Die Nutzung einer gemeinschaftlich betriebenen Holzheizung ist in Netttersheim so erfolgreich, dass man im Heizraum der Hauptschule eine zweiten 6oo kW – Anlage baut, die dann ein rund 200 Wohneinheiten umfassendes Neubaugebiet mit Heizenergie versorgen soll.
„Es ist schon schön zu sehen, dass es bei einem entsprechenden politischen Willen offenbar doch gelingt genau jene energiepolitischen und arbeitsplatzerhaltenden Maßnahmen durchzusetzen für die wir schon lange Jahre streiten. Offenbar haben hier die Entscheidungsträger im Rathaus gemerkt, dass eine wirtschaftliche, regionale Wertschöpfung mit nachhaltigen, finanziellen Einsparungen im Bereich der Nutzung von Bioenergie, ein Erfolgsrezept für die Kommunen ist.“, so der Fraktionsvorsitzende der Bündnisgrünen im Kreistag von Ahrweiler Wolfgang Schlagwein. Hennes Fuhrmann, Parlamentarier im Verbandsgemeinderat von Altenahr stellte ernüchtert fest, dass „unsere Initiative für eine Holzhackschnitzelheizung in der Grundschule von Ahrbrück schlicht an der mangelhaften Informationsbereitschaft der Altenahrer Planer und Entscheidungsträger gescheitert ist. Das Ablehnungsargument, dass durch eine Holzbefeuerung eine Geruchsbelästigung entstehen würde kann man getrost ins Reich der dunklen technischen Phantasielosigkeit stecken. Wer trockenes Holz verbrennt, der erntet keinen stinkenden Qualm.“

Die Fachvorträge am Abend beschäftigten sich vor allem mit den forstwirtschaftlichen Grundlagen der energetischen Nutzung von Holz, den Fördermöglichkeiten von Holzheizungen im privaten und öffentlichen Sektor, dem Stand der Technik von Holzpelletheizungen und deren Zukunftschancen.

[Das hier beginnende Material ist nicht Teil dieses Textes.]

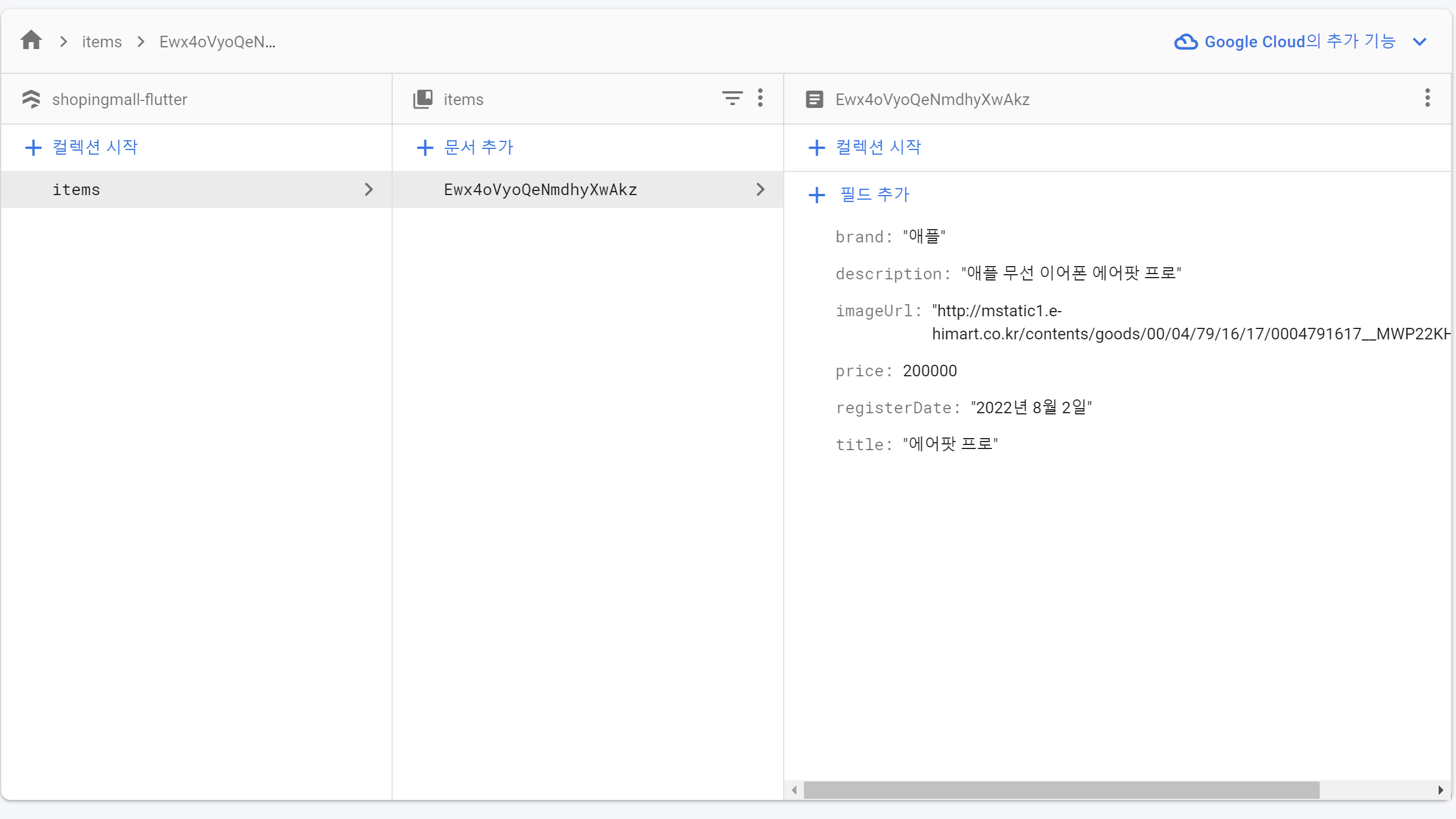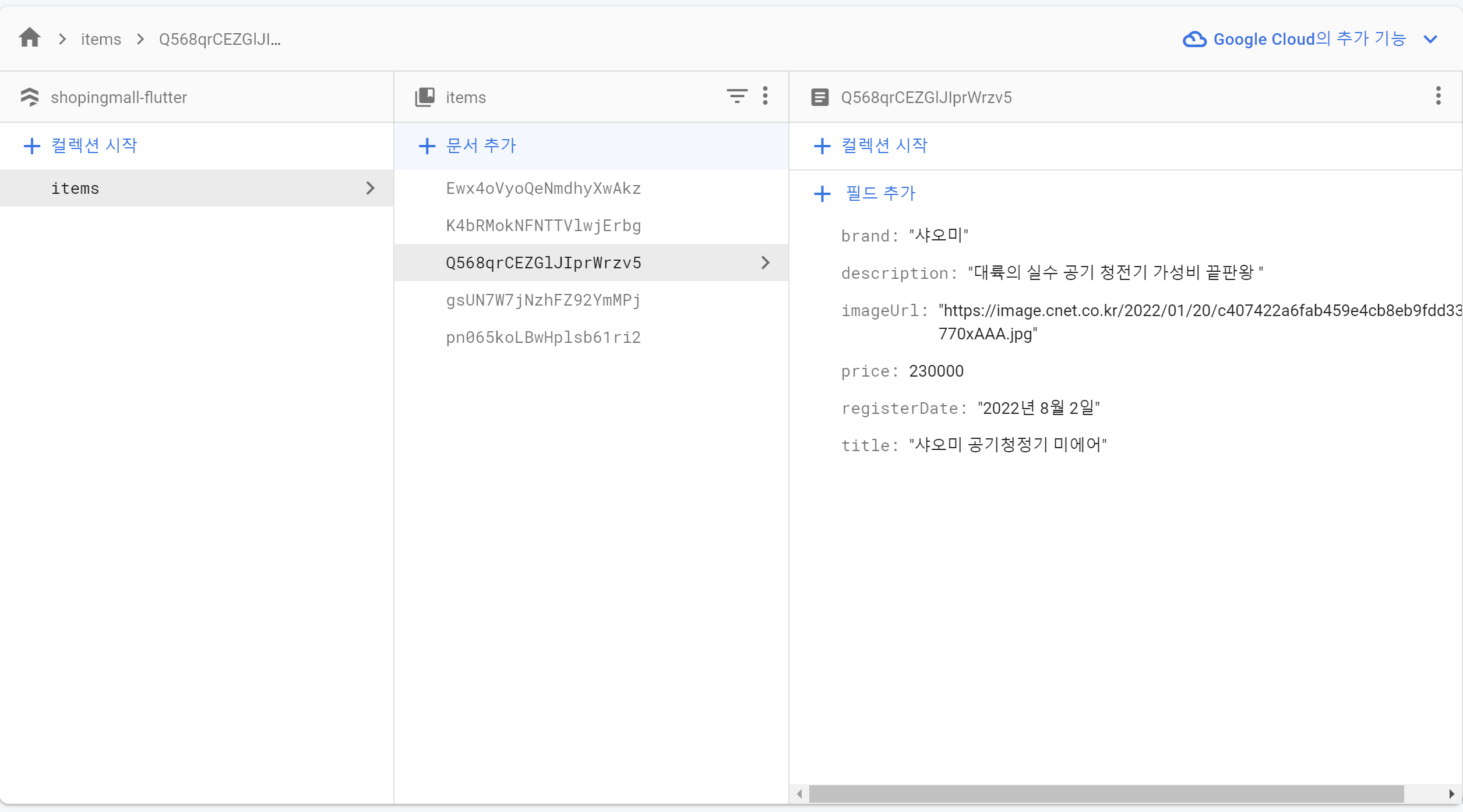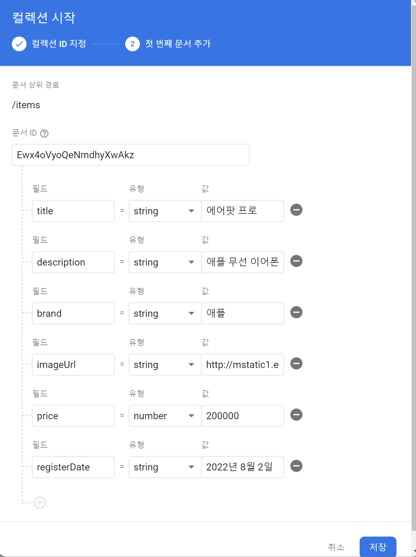 문서 ID는 자동 ID를 선택하면 알아서 만들어집니다. 그 아래 우리가 사용할 필드들을 정의하고 실제 값을 넣어서 데이터를 만듭니다. 파이어 스토어는 NoSQL이기 때문에 일반적으로 우리가 알고 있는 mysql과 같은 RDB와는 쪼꼼 다릅니다. 사용하는 필드는 title, brand, description, imageUrl, price, registerDate입니다. 필드 이름만 봐도 어떤 값인지 아시겠죠?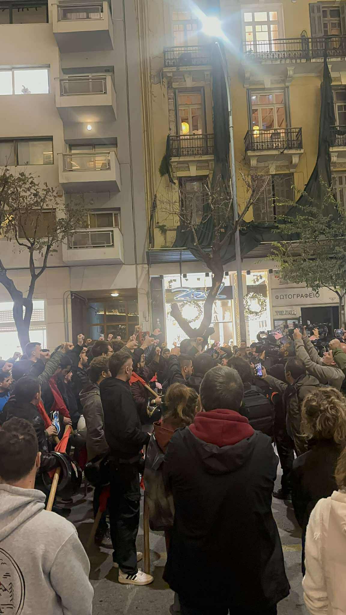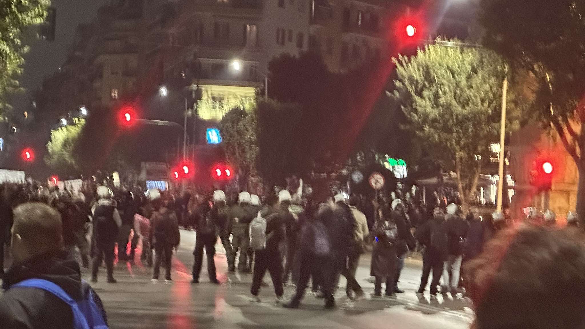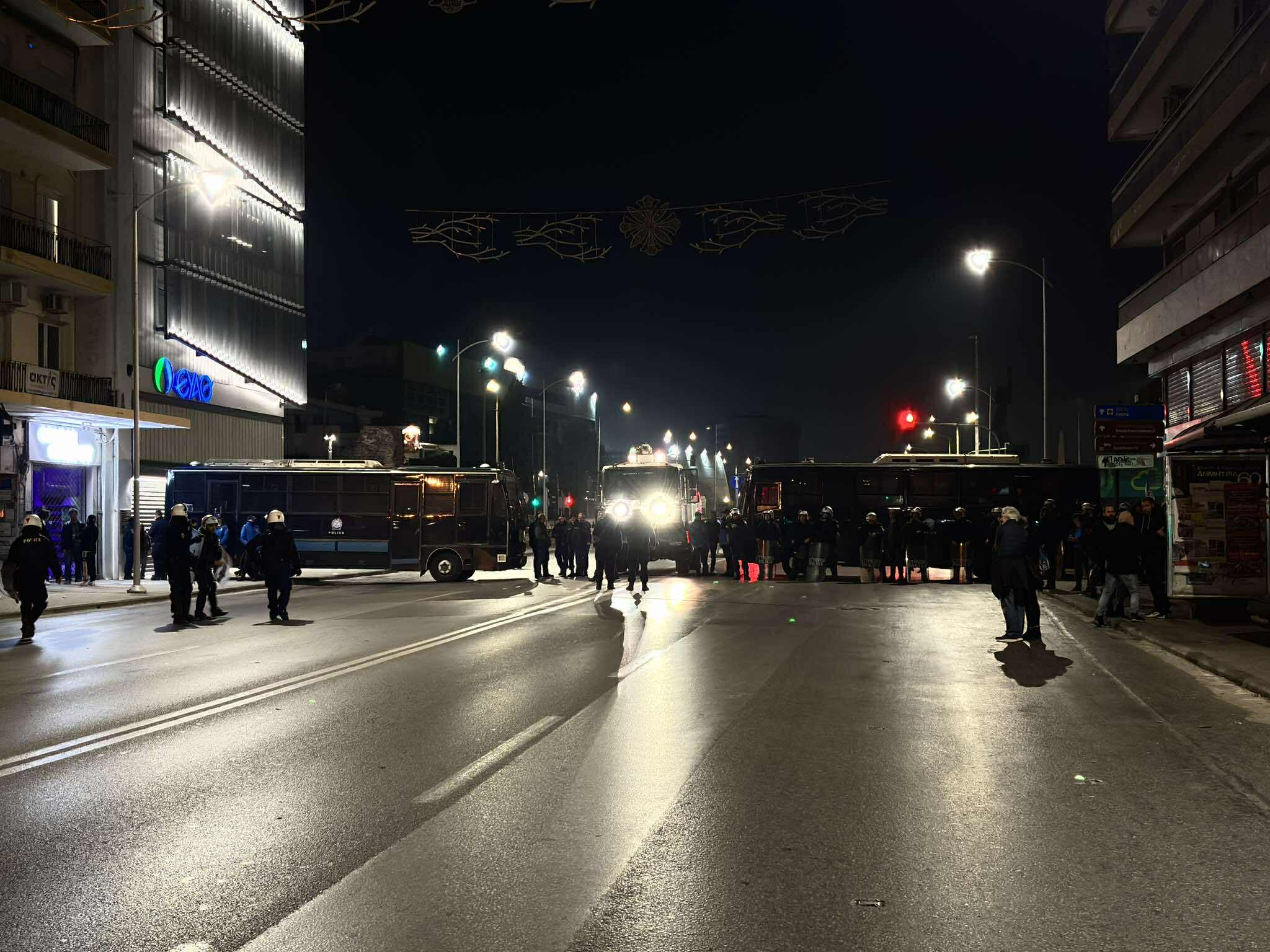 Αυτή τη στιγμή η πορεία πλησιάζει στην Καμάρα, στο ύψος της οποίας η Εγνατία είναι κλειστή από δεκάδες κλούβες των ΜΑΤ καθώς επίσης και με το όχημα εκτόξευσης νερού “Αύρα”. Νωρίτερα ολοκληρώθηκε και η φοιτητική κινητοποίηση.

Im Publikum befanden sich vor allem Heizungsbauer und Installateure aus der Eifelregion, die die Weiterbildungschancen im Holzkompetenzzentrum nutzen, um auf einem Zukunftsmarkt bestehen zu können. Die Nachfrage privater Bauherren nach langfristig kostengünstigen Holzpelletheizungen hat in den letzten Jahren enormzugenommen. In diesem Berufsfeld hat man erkannt, wie man Wertschöpfung und Arbeitsplatzsicherheit mit den Interessen von Mensch und Natur verknüpfen kann.

Die Spitzenkandidatin der Ökopartei für die kommende Kreistagswahl Ute Reuland interessierte sich in einem Pausengespräch mit einem Referenten der Energieagentur NRW besonders für die Finanzierungsmodelle der zukunftsträchtigen Energieprojekte. „Um als Grüner nicht als finanzpolitischer Spinner dargestellt zu werden muss man sich halt auch mit diesen Themen befassen. Als Angehöriger einer großen Mehrheitsfraktion kann man da schon eher mal uninformiert sein. Hauptsache du hebst im richtigen Moment den Arm.“
Aber für die Grünen ist das eigentliche Finanzierungsmodell für solche ökologischen Projekte zweitrangig. Contracting – Modelle mit Firmen, GmbH – Modelle mit Energieerzeugern oder kombinierte Contracting – leasing Modelle sind für die Grünen denkbar, die Hauptsache so die Spitzenfrau ist, „dass die Entscheidungsgewalt auch bei den gewählten Entscheidungsträgern bleibt und nicht wie oft erlebt an irgendwelche undurchsichtige Firmenkonstrukte übertragen wird.“
Es bleibt die Hoffnung, dass man auch in der VG Altenahr und im Kreis Ahrweiler bald die Chancen und Möglichkeiten von technischen Innovationen im ökologischen Bereich erkennt und hierfür in den Räten den Arm hebt.